The CEO of crisis-hit Japanese automaker Nissan received more pay than he was entitled to, local media reported Thursday, as the firm reels from the arrest of its former chief for financial misconduct.
Several outlets, including the Jiji press agency, said Hiroto Saikawa admitted the overpayments to reporters on Thursday morning.
"I apologise for causing worry," the agency quoted him as saying.
"I received (remuneration) in several cases in a form that is different from the rules. I thought it was the result of correct procedures," he added, denying any personal wrongdoing.
The admission comes as Nissan struggles to right itself in the wake of the arrest and ouster of its former chief Carlos Ghosn, who has been charged with several counts of financial misconduct and is out on bail in Tokyo.
Japanese media reported an internal probe by Nissan found that Saikawa and other executives received more equity-linked remuneration than they were entitled to.
Contacted by AFP, Nissan had no immediate comment on the reports.
The Nikkei business daily said Saikawa was suspected of improperly adding 47 million yen ($443,000) to his compensation by altering the terms of a bonus.
The matter will be reported to Nissan's board meeting later this month, reports said.
However, Nissan does not believe the overpayment was in violation of any laws, Kyodo News reported, citing unnamed sources.
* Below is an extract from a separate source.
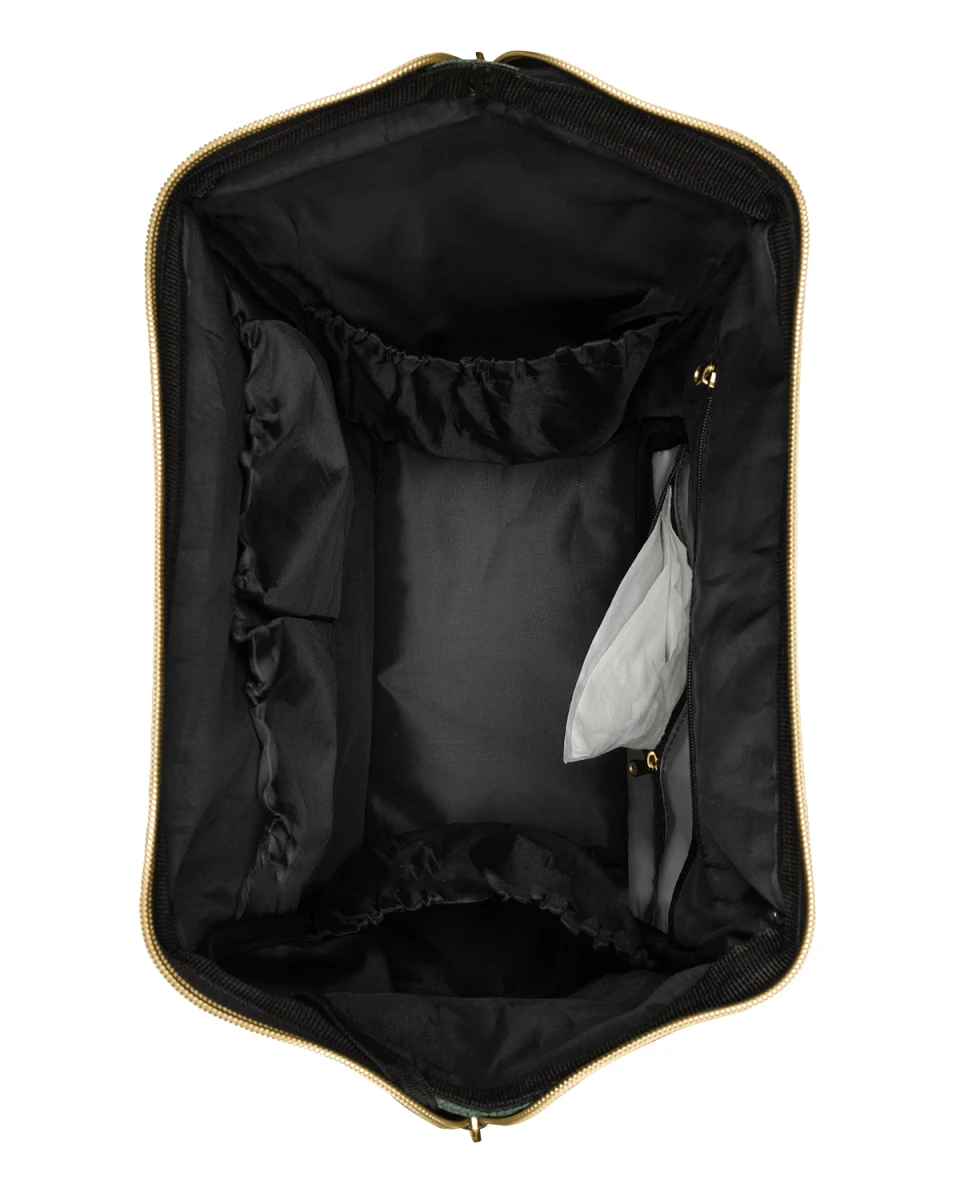 Vnútri batohu nájdete množstvo vreciek a priehradok aj vodeodolné vrecko na uloženie vlhkých predmetov. Široký spôsob otvárania batohu uľahčuje orientáciu v uloženom obsahu. Na vonkajšej strane nájdete vrecká s uzatváraním na zips aj vrecko na uloženie fľaše. Termoizolačné vrecká na fľaše pomáhajú udržať nápoje či mlieko dlhšiu dobu v optimálnej teplote. Súčasťou plecniaka je aj prebaľovacia podložka.

The overpayments were made in a scheme known as stock appreciation right (SAR), under which directors can receive a bonus if their company's share price rises above a certain level in a set time period.
Nissan is currently undergoing an overhaul intended to strengthen governance after the Ghosn scandal.
In June, Nissan shareholders voted in favour of various measures including the establishment of three new oversight committees responsible for the appointment of senior officials, pay issues and auditing.
They also approved the election of 11 directors as the firm restructures, among them two Renault executives as well as Saikawa.
The reforms are designed to put Nissan on a more stable footing after the arrest of Ghosn, who has been sacked from his leadership roles at the Japanese firm and others.
He is awaiting trial on charges of under-reporting millions of dollars in salary and of using company funds for personal expenses.
He has denied any wrongdoing and accuses Nissan executives opposed to his plans to further integrate the firm with France's Renault of plotting against him.